## Data provided:
########################################
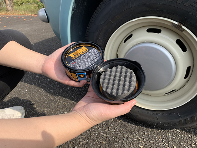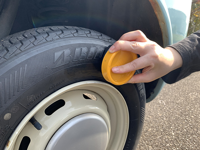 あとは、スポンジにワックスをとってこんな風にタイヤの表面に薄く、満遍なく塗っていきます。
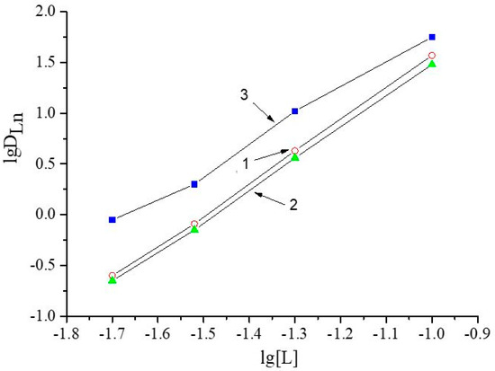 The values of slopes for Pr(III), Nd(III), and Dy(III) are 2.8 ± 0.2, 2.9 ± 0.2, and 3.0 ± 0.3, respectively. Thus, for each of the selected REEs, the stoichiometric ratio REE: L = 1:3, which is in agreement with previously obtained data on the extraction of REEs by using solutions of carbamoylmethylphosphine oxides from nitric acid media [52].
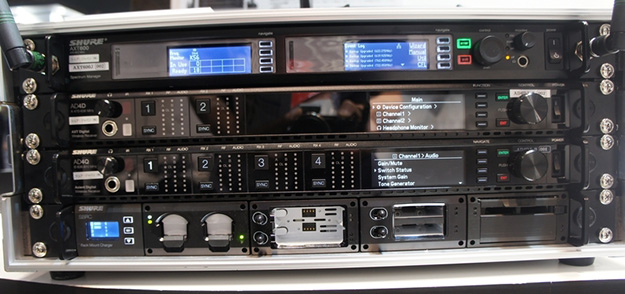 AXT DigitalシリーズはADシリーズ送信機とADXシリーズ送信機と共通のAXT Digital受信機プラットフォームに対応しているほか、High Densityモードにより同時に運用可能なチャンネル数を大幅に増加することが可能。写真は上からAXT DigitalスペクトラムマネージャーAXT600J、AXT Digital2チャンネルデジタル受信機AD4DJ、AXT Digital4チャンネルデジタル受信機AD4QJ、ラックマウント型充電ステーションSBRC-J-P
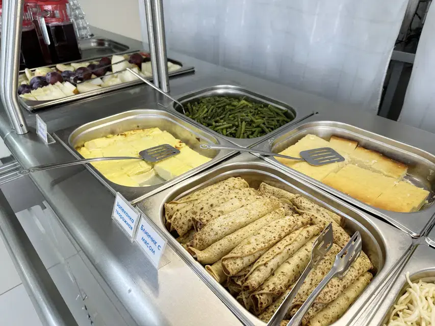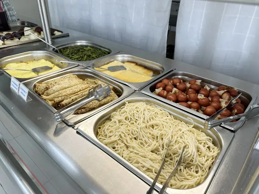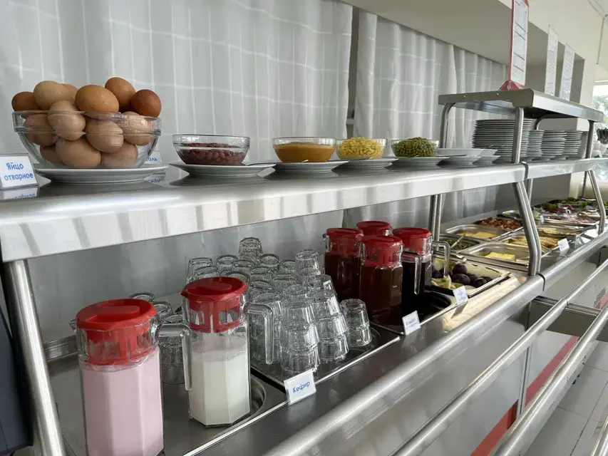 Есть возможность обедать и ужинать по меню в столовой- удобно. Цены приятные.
########################################
## What this task involves:
Would you copy out every line of the data above exactly, minus the pictures?

## Response to this task:
 あとは、スポンジにワックスをとってこんな風にタイヤの表面に薄く、満遍なく塗っていきます。
 The values of slopes for Pr(III), Nd(III), and Dy(III) are 2.8 ± 0.2, 2.9 ± 0.2, and 3.0 ± 0.3, respectively. Thus, for each of the selected REEs, the stoichiometric ratio REE: L = 1:3, which is in agreement with previously obtained data on the extraction of REEs by using solutions of carbamoylmethylphosphine oxides from nitric acid media [52].
 AXT DigitalシリーズはADシリーズ送信機とADXシリーズ送信機と共通のAXT Digital受信機プラットフォームに対応しているほか、High Densityモードにより同時に運用可能なチャンネル数を大幅に増加することが可能。写真は上からAXT DigitalスペクトラムマネージャーAXT600J、AXT Digital2チャンネルデジタル受信機AD4DJ、AXT Digital4チャンネルデジタル受信機AD4QJ、ラックマウント型充電ステーションSBRC-J-P
 Есть возможность обедать и ужинать по меню в столовой- удобно. Цены приятные.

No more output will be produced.